ABOUT THIS TASK: Start to finish, return the listing below exactly, pictures excluded.

PROVIDED DATA:
————

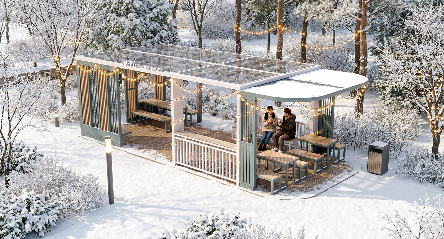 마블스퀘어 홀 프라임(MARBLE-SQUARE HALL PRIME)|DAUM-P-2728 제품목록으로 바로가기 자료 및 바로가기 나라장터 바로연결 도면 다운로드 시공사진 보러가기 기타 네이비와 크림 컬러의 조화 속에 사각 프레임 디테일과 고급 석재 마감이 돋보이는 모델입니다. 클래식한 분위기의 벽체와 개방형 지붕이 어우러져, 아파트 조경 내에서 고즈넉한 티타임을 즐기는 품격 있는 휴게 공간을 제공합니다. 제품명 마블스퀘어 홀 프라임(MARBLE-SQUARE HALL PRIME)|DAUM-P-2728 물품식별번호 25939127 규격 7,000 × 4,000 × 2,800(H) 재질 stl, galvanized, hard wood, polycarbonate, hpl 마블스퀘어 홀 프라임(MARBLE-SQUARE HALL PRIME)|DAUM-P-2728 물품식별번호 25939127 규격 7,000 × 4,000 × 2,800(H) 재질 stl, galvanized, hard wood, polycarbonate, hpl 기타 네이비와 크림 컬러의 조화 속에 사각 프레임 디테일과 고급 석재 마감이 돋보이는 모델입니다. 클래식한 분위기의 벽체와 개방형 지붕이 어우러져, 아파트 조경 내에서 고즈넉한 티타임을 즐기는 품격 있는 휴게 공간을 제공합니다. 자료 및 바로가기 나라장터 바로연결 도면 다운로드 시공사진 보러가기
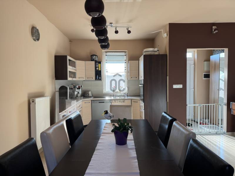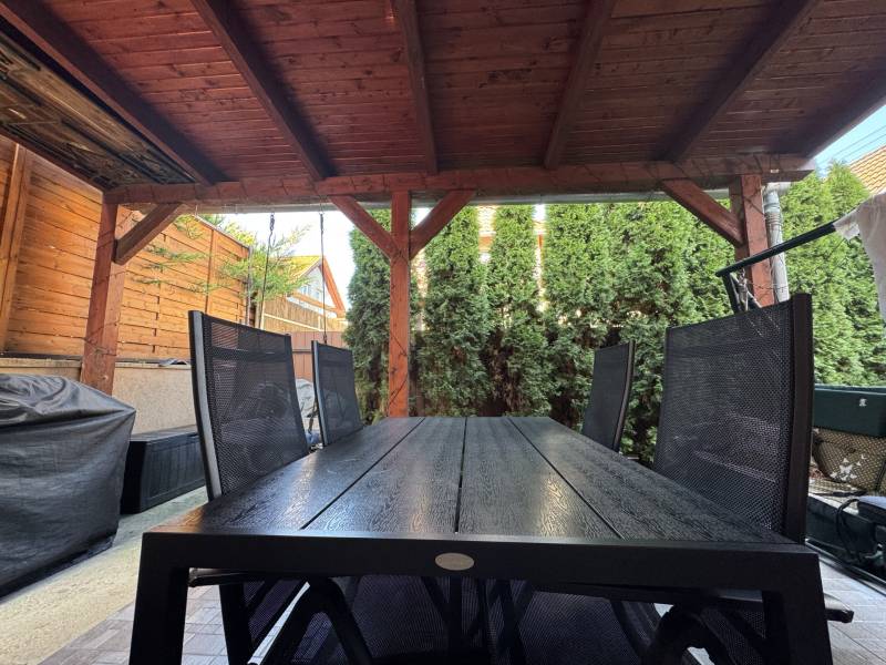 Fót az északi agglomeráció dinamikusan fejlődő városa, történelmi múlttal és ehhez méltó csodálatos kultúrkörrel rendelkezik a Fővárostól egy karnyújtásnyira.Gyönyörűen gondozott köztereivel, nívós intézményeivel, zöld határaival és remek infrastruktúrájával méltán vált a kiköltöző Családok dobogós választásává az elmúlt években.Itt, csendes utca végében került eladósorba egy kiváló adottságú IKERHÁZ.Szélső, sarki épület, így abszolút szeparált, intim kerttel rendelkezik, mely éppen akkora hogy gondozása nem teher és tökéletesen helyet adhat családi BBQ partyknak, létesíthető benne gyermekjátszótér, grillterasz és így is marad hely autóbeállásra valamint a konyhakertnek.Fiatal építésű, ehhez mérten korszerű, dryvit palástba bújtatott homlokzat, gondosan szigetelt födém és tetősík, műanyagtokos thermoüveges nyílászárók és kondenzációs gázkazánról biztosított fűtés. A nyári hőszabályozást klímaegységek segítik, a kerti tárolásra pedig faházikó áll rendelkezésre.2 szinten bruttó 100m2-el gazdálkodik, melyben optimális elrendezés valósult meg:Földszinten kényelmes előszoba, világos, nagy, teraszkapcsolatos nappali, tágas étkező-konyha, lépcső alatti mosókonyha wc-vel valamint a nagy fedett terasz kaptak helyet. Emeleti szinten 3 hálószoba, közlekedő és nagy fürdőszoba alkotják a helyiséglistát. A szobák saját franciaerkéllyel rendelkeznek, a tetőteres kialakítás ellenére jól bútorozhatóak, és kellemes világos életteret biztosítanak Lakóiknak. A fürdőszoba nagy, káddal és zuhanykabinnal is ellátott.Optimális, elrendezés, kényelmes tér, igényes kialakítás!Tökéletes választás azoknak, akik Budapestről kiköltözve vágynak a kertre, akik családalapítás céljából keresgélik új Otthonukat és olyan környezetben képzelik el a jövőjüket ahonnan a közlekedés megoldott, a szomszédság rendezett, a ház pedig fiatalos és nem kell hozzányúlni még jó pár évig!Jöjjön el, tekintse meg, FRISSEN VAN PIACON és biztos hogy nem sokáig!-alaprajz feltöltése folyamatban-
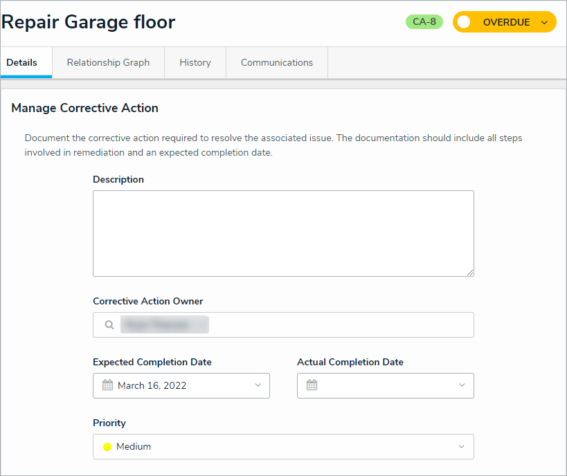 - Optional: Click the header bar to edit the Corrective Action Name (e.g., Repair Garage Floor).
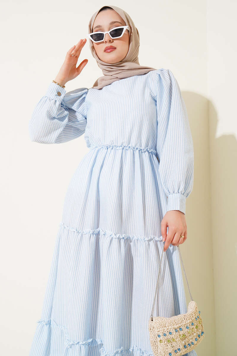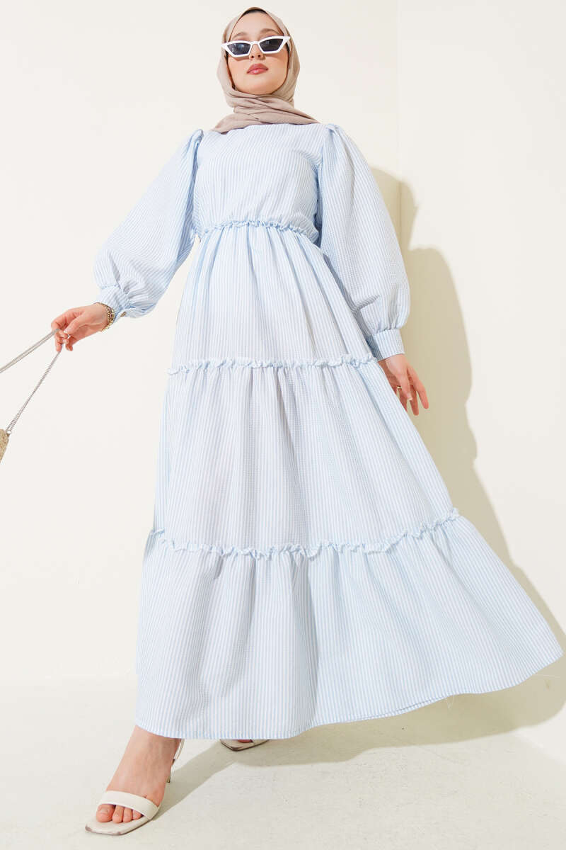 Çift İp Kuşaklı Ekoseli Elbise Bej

————

SOLUTION:
 마블스퀘어 홀 프라임(MARBLE-SQUARE HALL PRIME)|DAUM-P-2728 제품목록으로 바로가기 자료 및 바로가기 나라장터 바로연결 도면 다운로드 시공사진 보러가기 기타 네이비와 크림 컬러의 조화 속에 사각 프레임 디테일과 고급 석재 마감이 돋보이는 모델입니다. 클래식한 분위기의 벽체와 개방형 지붕이 어우러져, 아파트 조경 내에서 고즈넉한 티타임을 즐기는 품격 있는 휴게 공간을 제공합니다. 제품명 마블스퀘어 홀 프라임(MARBLE-SQUARE HALL PRIME)|DAUM-P-2728 물품식별번호 25939127 규격 7,000 × 4,000 × 2,800(H) 재질 stl, galvanized, hard wood, polycarbonate, hpl 마블스퀘어 홀 프라임(MARBLE-SQUARE HALL PRIME)|DAUM-P-2728 물품식별번호 25939127 규격 7,000 × 4,000 × 2,800(H) 재질 stl, galvanized, hard wood, polycarbonate, hpl 기타 네이비와 크림 컬러의 조화 속에 사각 프레임 디테일과 고급 석재 마감이 돋보이는 모델입니다. 클래식한 분위기의 벽체와 개방형 지붕이 어우러져, 아파트 조경 내에서 고즈넉한 티타임을 즐기는 품격 있는 휴게 공간을 제공합니다. 자료 및 바로가기 나라장터 바로연결 도면 다운로드 시공사진 보러가기
 Fót az északi agglomeráció dinamikusan fejlődő városa, történelmi múlttal és ehhez méltó csodálatos kultúrkörrel rendelkezik a Fővárostól egy karnyújtásnyira.Gyönyörűen gondozott köztereivel, nívós intézményeivel, zöld határaival és remek infrastruktúrájával méltán vált a kiköltöző Családok dobogós választásává az elmúlt években.Itt, csendes utca végében került eladósorba egy kiváló adottságú IKERHÁZ.Szélső, sarki épület, így abszolút szeparált, intim kerttel rendelkezik, mely éppen akkora hogy gondozása nem teher és tökéletesen helyet adhat családi BBQ partyknak, létesíthető benne gyermekjátszótér, grillterasz és így is marad hely autóbeállásra valamint a konyhakertnek.Fiatal építésű, ehhez mérten korszerű, dryvit palástba bújtatott homlokzat, gondosan szigetelt födém és tetősík, műanyagtokos thermoüveges nyílászárók és kondenzációs gázkazánról biztosított fűtés. A nyári hőszabályozást klímaegységek segítik, a kerti tárolásra pedig faházikó áll rendelkezésre.2 szinten bruttó 100m2-el gazdálkodik, melyben optimális elrendezés valósult meg:Földszinten kényelmes előszoba, világos, nagy, teraszkapcsolatos nappali, tágas étkező-konyha, lépcső alatti mosókonyha wc-vel valamint a nagy fedett terasz kaptak helyet. Emeleti szinten 3 hálószoba, közlekedő és nagy fürdőszoba alkotják a helyiséglistát. A szobák saját franciaerkéllyel rendelkeznek, a tetőteres kialakítás ellenére jól bútorozhatóak, és kellemes világos életteret biztosítanak Lakóiknak. A fürdőszoba nagy, káddal és zuhanykabinnal is ellátott.Optimális, elrendezés, kényelmes tér, igényes kialakítás!Tökéletes választás azoknak, akik Budapestről kiköltözve vágynak a kertre, akik családalapítás céljából keresgélik új Otthonukat és olyan környezetben képzelik el a jövőjüket ahonnan a közlekedés megoldott, a szomszédság rendezett, a ház pedig fiatalos és nem kell hozzányúlni még jó pár évig!Jöjjön el, tekintse meg, FRISSEN VAN PIACON és biztos hogy nem sokáig!-alaprajz feltöltése folyamatban-
 - Optional: Click the header bar to edit the Corrective Action Name (e.g., Repair Garage Floor).
 Çift İp Kuşaklı Ekoseli Elbise Bej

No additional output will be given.